Community intervention takes collective effort and practice. Talk with the victim before doing anything to reduce the potential for retaliation. Discuss your plans to maximize safety; suggest that they call a hotline or a local agency to conduct a safety plan.
- The simple act of someone saying something, intervening and naming abusive behavior is enough to get people thinking about how they treat the people around them.
- Trust your intuition. Warning signs make themselves know, so if you see or hear something that makes you feel uncomfortable or crosses a line–note it and remember it. Red flags should not be ignored.

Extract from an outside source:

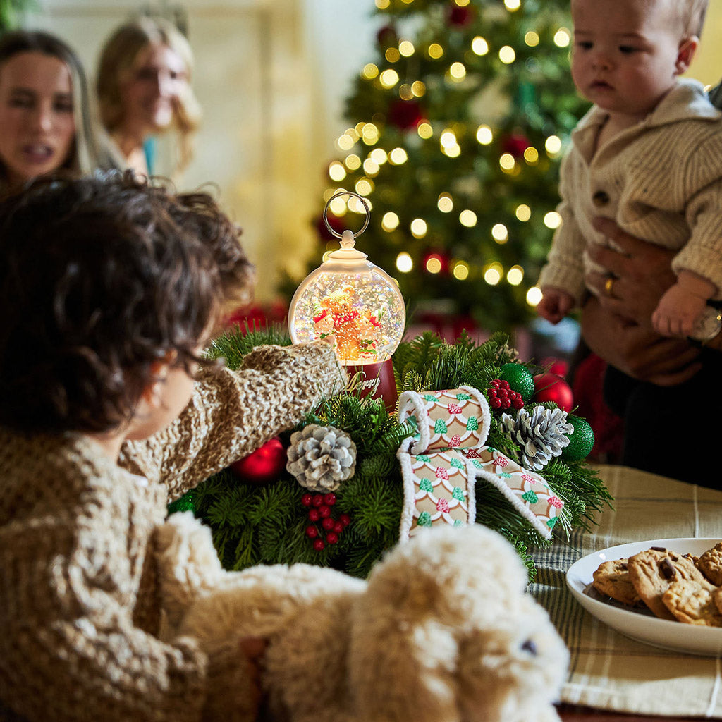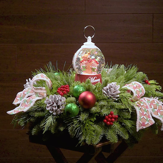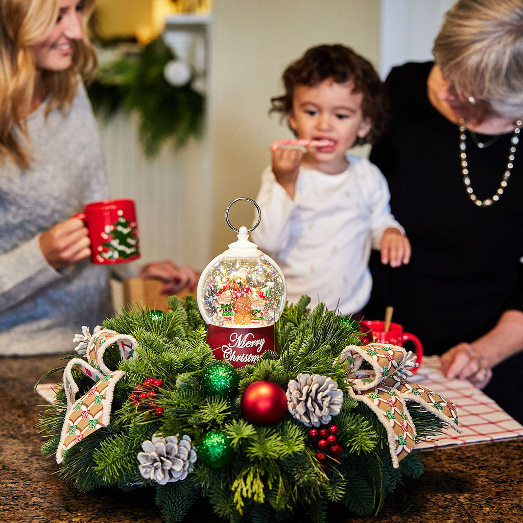 The holidays just got a whole lot cuter! Meet Polar Pals, the perfect centerpiece to brighten little faces with big smiles! The centerpiece is hand-assembled with fresh-cut noble fir, cedar, and pine. At the center is the real showstopper – a stunning water globe featuring two North Pole elves and a cute bear together in a cozy hug with the words “Merry Christmas” on the base. Give it a gentle shake and watch the sparkles swirl around! Nestled within the greenery are glittery red-and-green ball ornaments, faux red berries, and frosted pinecones that bring playful Christmas cheer. Adorable bow tucks are added, bearing red and green gingerbread house patterns that transport you into a sweet candy wonderland! It’s the perfect gift for families, grandchildren, or anyone looking for a little extra fun this season!
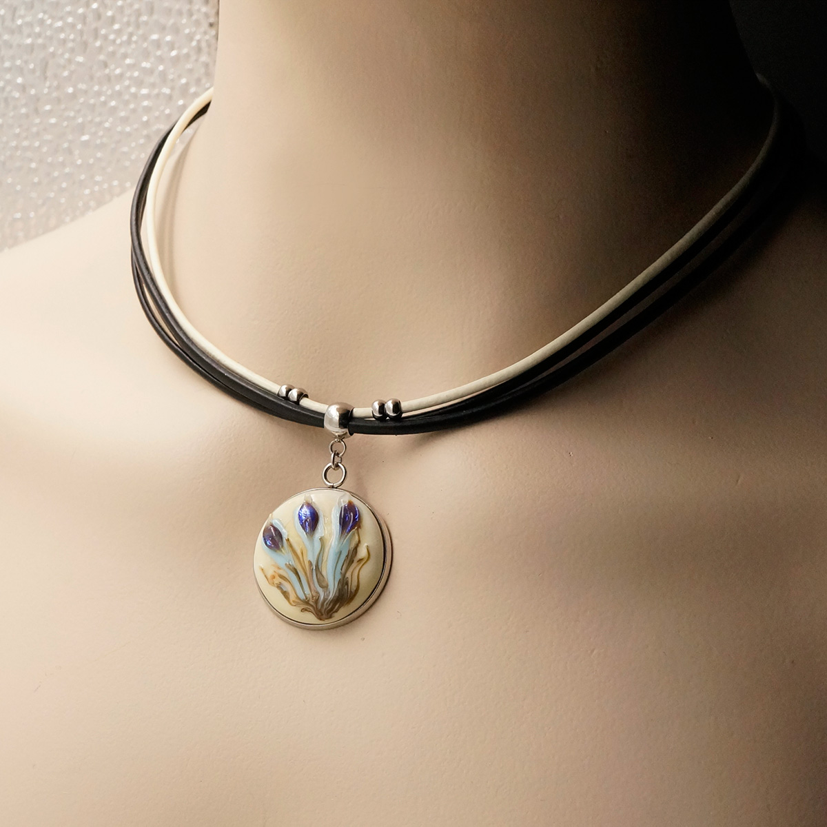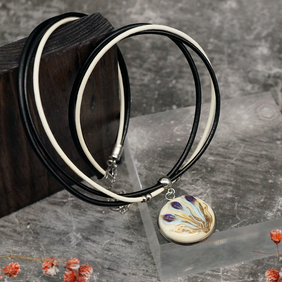 Колье изготовлено из натуральной кожи, муранского стекла и гипоаллергенной ювелирной стали, что очень важно для людей с чувствительной кожей. Металл не темнеет и не подвергается воздействиям окружающей среды, надолго обеспечивая красивый внешний вид изделия. Длина колье - 46 см + 5 см. удлиняющая цепочка. Диаметр стеклянного элемента - 2,5 см. Вес - 15 гр.

- Be involved but be respectful. Don’t get yourself or victims in a dangerous situation. Don’t try to fix other people’s relationships. Getting too involved by force may put the victim at risk. Discuss with the victim before proceeding with intervention.
- When talking with an abuser, let them know that you think the use of any violence in a relationship, including threats, is unacceptable and that there’s never a reason for it. Nothing their partner does makes it okay for them to hurt their partner.
- Tell them that domestic violence, including stalking, is a crime and that their abusive behavior can put them in jail.
- Let them know that there is help in the community to end their abusive behavior. Contact one of the local domestic violence programs to find a certified batterer’s treatment program in the area.
- If at an university, discuss your university’s policies on abuse, physical and sexual violence, and harassment.
- Display anti-violence posters and educational materials in your environments.